Please help!!
x^2+y^2+6y+5=0
x^2+y^2-2x-8=0
Help with what?
You have given us two different circles.
What do you want to do?
They do intersect. Here is a picture of your problem
http://www.wolframalpha.com/input/?i=plot+x%5E2%2By%5E2%2B6y%2B5%3D0+,+x%5E2%2By%5E2-2x-8%3D0
you want
x^2+y^2+6y+5 = x^2+y^2-2x-8
6y+5 = -2x-8
y = -(2x+13)/6
Now use that to find x:
x^2 + (-(2x+13)/6)^2 - 2x - 8 = 0
40x^2 - 20x - 119 = 0
x = [5±9?15]/20
y = -3/20 (15±?15)
http://www.wolframalpha.com/input/?i=solve+x%5E2%2By%5E2%2B6y%2B5%3D0,+x%5E2%2By%5E2-2x-8%3D0
I'd be happy to help you! It seems like you have two equations involving variables x and y. These equations are quadratic equations in the form of x^2 + y^2 + bx + cy + d = 0, where b, c, and d are coefficients.

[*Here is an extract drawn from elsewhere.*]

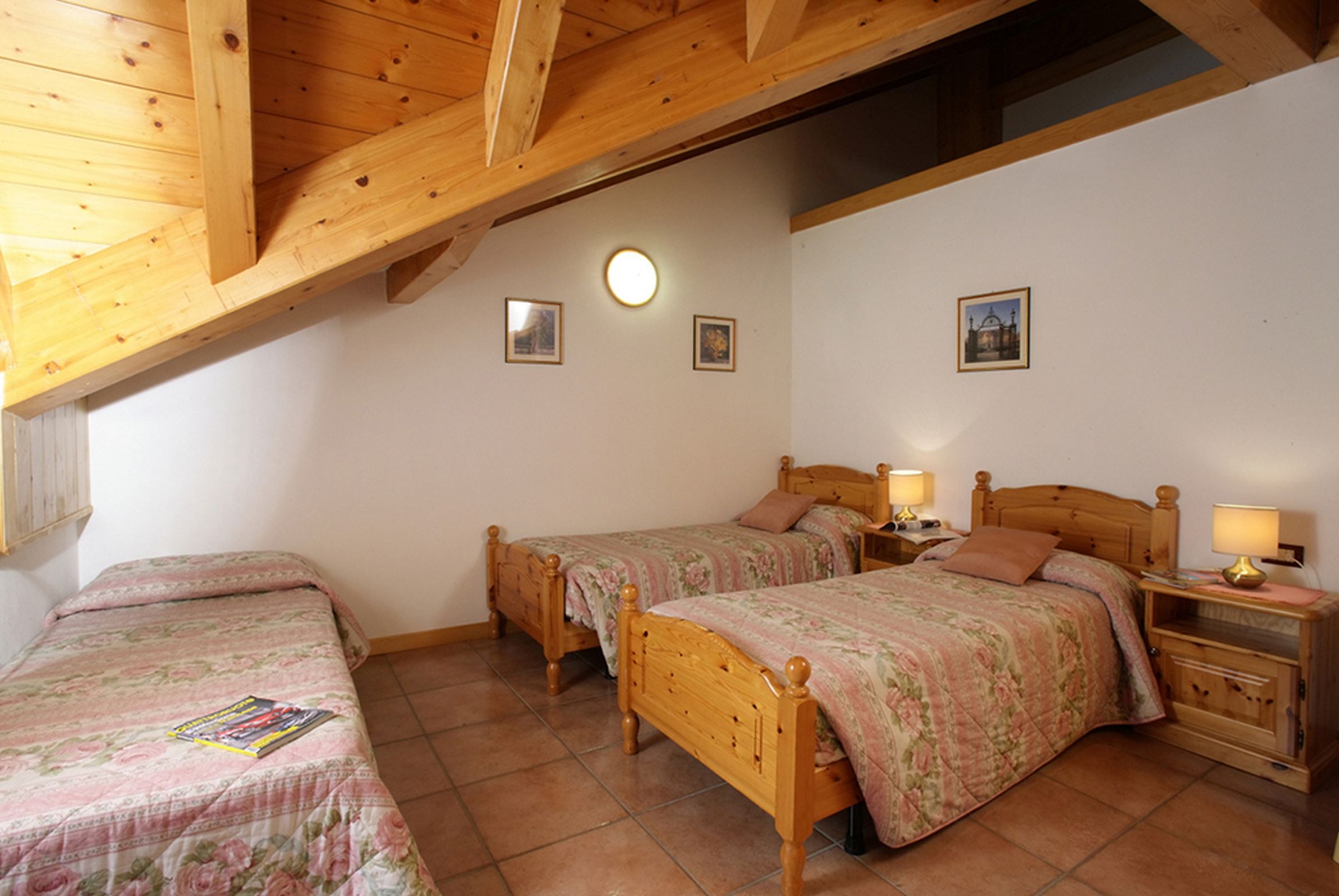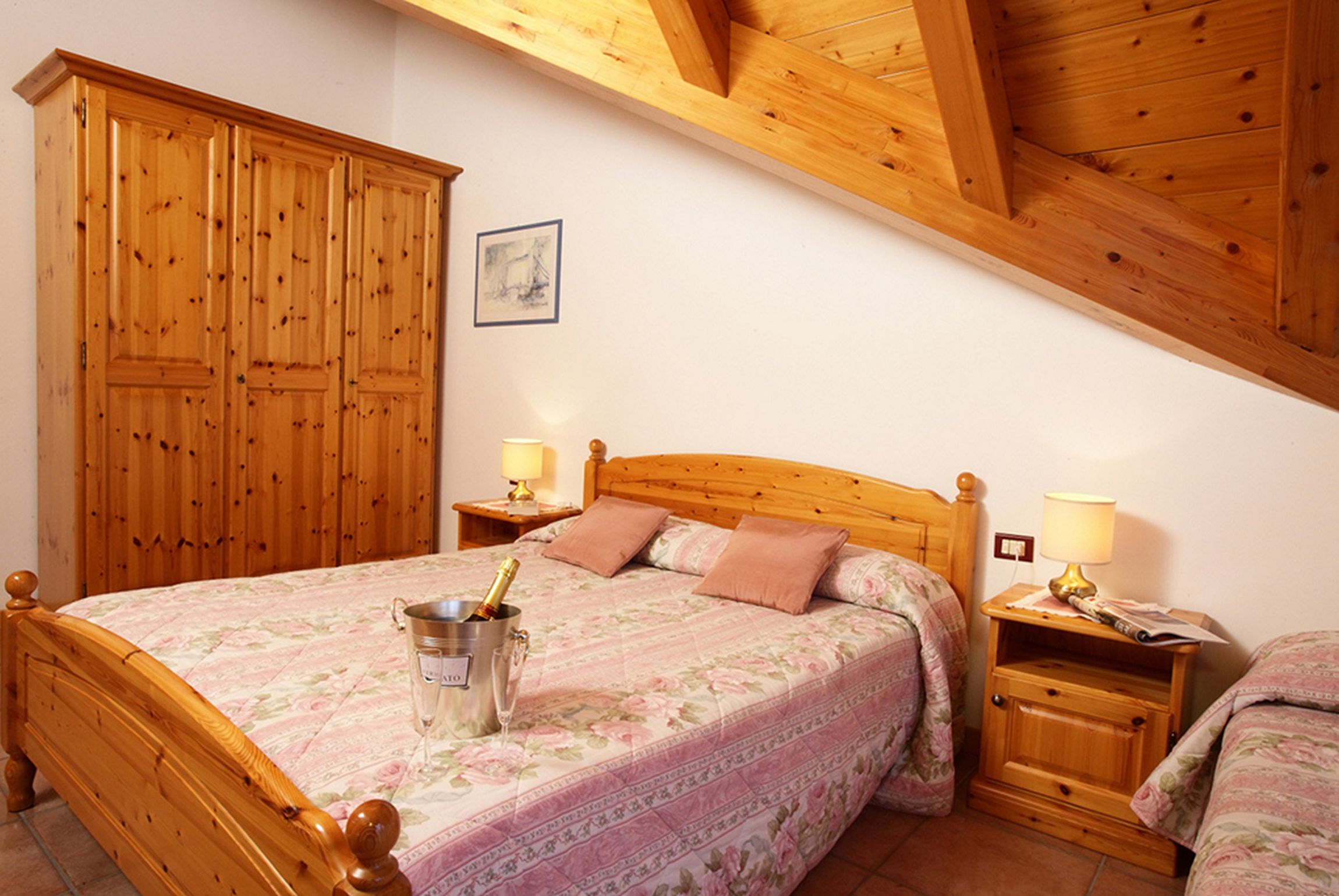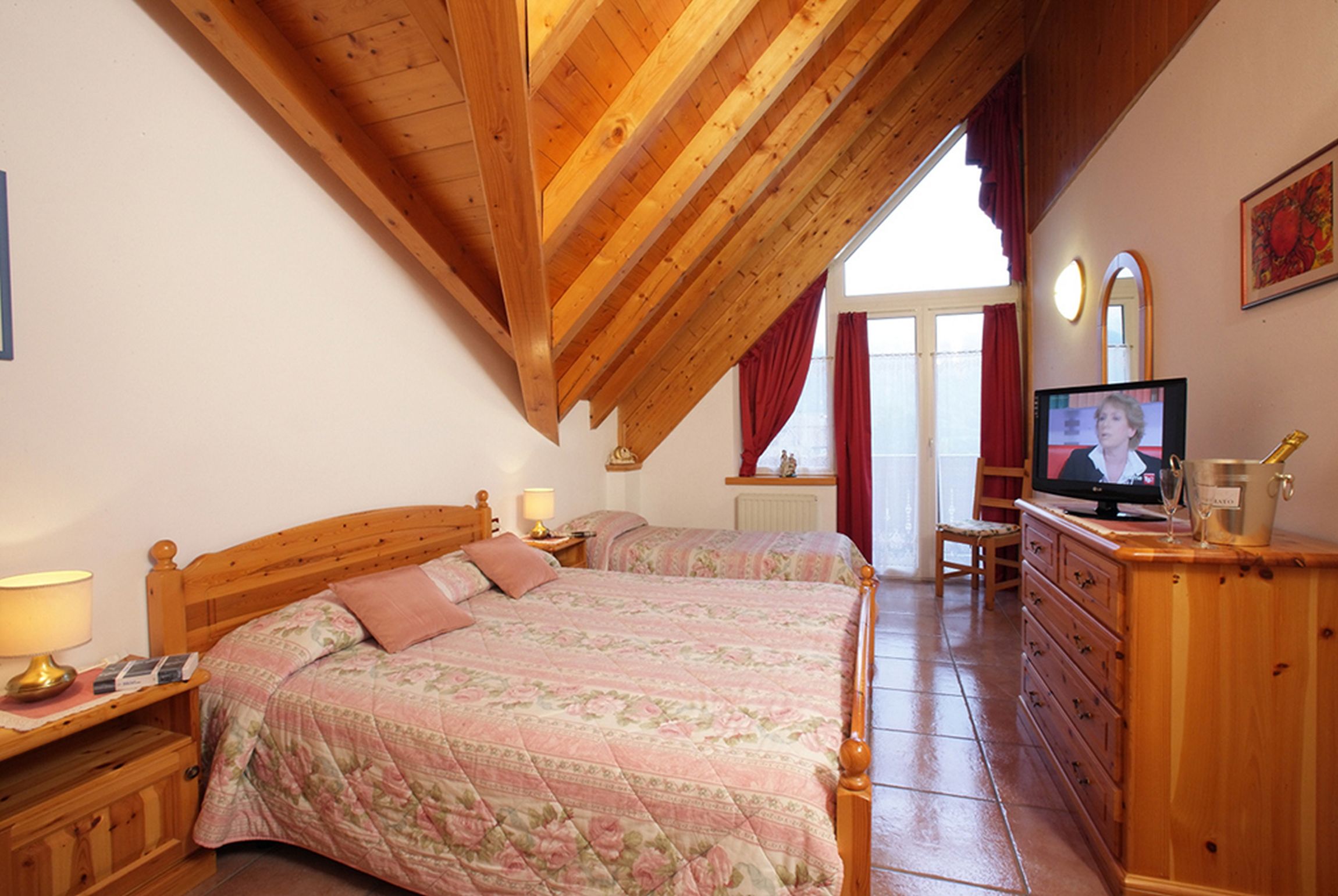 Chalet za 6 osoba na dvije etaže: u prizemlju 2 kupaonice, dnevni boravak s kaminom i sofom, kuhinja, terasa, na gornjoj etaži: dvije spavaće sobe s krevetima na kat, galerija sa sofom, balkon.

To find the solution to these equations, you can use a method called substitution or elimination. Let's solve them one by one.
Equation 1: x^2 + y^2 + 6y + 5 = 0
To solve this equation, we can complete the square to rewrite it in the form (x - h)^2 + (y - k)^2 = r^2, where (h, k) is the center of a circle and r is its radius.
First, let's isolate y:
x^2 + y^2 + 6y = -5
Now, complete the square for the y terms:
x^2 + (y^2 + 6y + 9) = -5 + 9
x^2 + (y + 3)^2 = 4
Now, we have the equation in the desired form. By comparing it to (x - h)^2 + (y - k)^2 = r^2, we can see that the center of the circle is (0, -3) and the radius is 2. Therefore, the solution to the first equation is a circle centered at (0, -3) with a radius of 2.
Equation 2: x^2 + y^2 - 2x - 8 = 0
Similarly, let's complete the square for this equation:
(x^2 - 2x) + y^2 = 8
Now, complete the square for the x terms:
(x^2 - 2x + 1) + y^2 = 8 + 1
(x - 1)^2 + y^2 = 9
Comparing it to (x - h)^2 + (y - k)^2 = r^2, we see that the center of the circle is (1, 0) and the radius is 3. Hence, the second equation represents a circle centered at (1, 0) with a radius of 3.
To summarize, you are dealing with two circles in the Cartesian coordinate system. The first circle is centered at (0, -3) with a radius of 2, and the second circle is centered at (1, 0) with a radius of 3.